2.3 DNA extraction and genotyping
Peripheral blood samples (5 ml) were collected in tubes with EDTA. DNA extraction was performed using a DNA isolation kit (DNA-sorb B; Next-Bio, St. Petersburg, Russian Federation). For the genotyping of rs948854 polymorphism, a previously described procedure was applied (
). The primers were designed based on the GenBank genomic sequence (accession number NT_167190.1). The rs948854 polymorphism is located in the promoter region of the GAL gene and is a single nucleotide substitution (A/G) with minor allele frequency of 0.32 (https://www.ncbi.nlm.nih.gov/snp/rs948854).
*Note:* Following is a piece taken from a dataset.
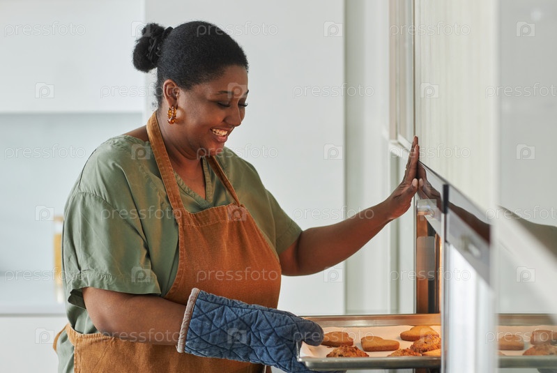 Домашняя хозяйка печет печенье на кухне
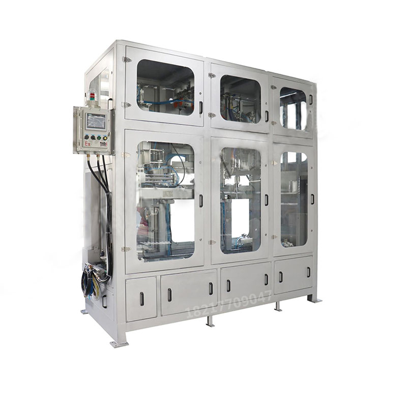 ■ 灌裝結(jié)束后,灌裝頭自動(dòng)提升至桶外,滴漏盤承接至灌裝頭底部,灌裝完成后,出艙門打開,灌裝完成的滿桶輸送出灌裝倉(cāng)后,出艙門關(guān)閉.至此一個(gè)循環(huán)完成.

2.4 Estimation of the serum markers of neuroinflammation and axon degeneration
The serum levels of tumor necrosis factor α (TNF-α) and phosphorylated neurofilament H (pNF-H), which both are associated with the activity of the pathological process in MS (
), were measured by enzyme-linked immunosorbent assay (ELISA). Blood samples were taken at the time of clinical remission.
2.5 Statistical analysis
In case when MSSS was analyzed as a continuous variable, one-way ANOVA (for genotype, group or therapy effect) or two-way ANOVA (for genotype/sex and genotype/therapy effects) was used for statistical analysis. For multiple pairwise comparisons between groups of patients, LSD post-hoc analysis was applied. In order to compare the proportions when a dichotomously divided MSSS scores needed to be processed, two-tail χ2-test (with the Yates correction for groups with n < 10) and Fisher's exact probability test (for the groups with n < 5) were used. p < 0.05 was considered statistically significant.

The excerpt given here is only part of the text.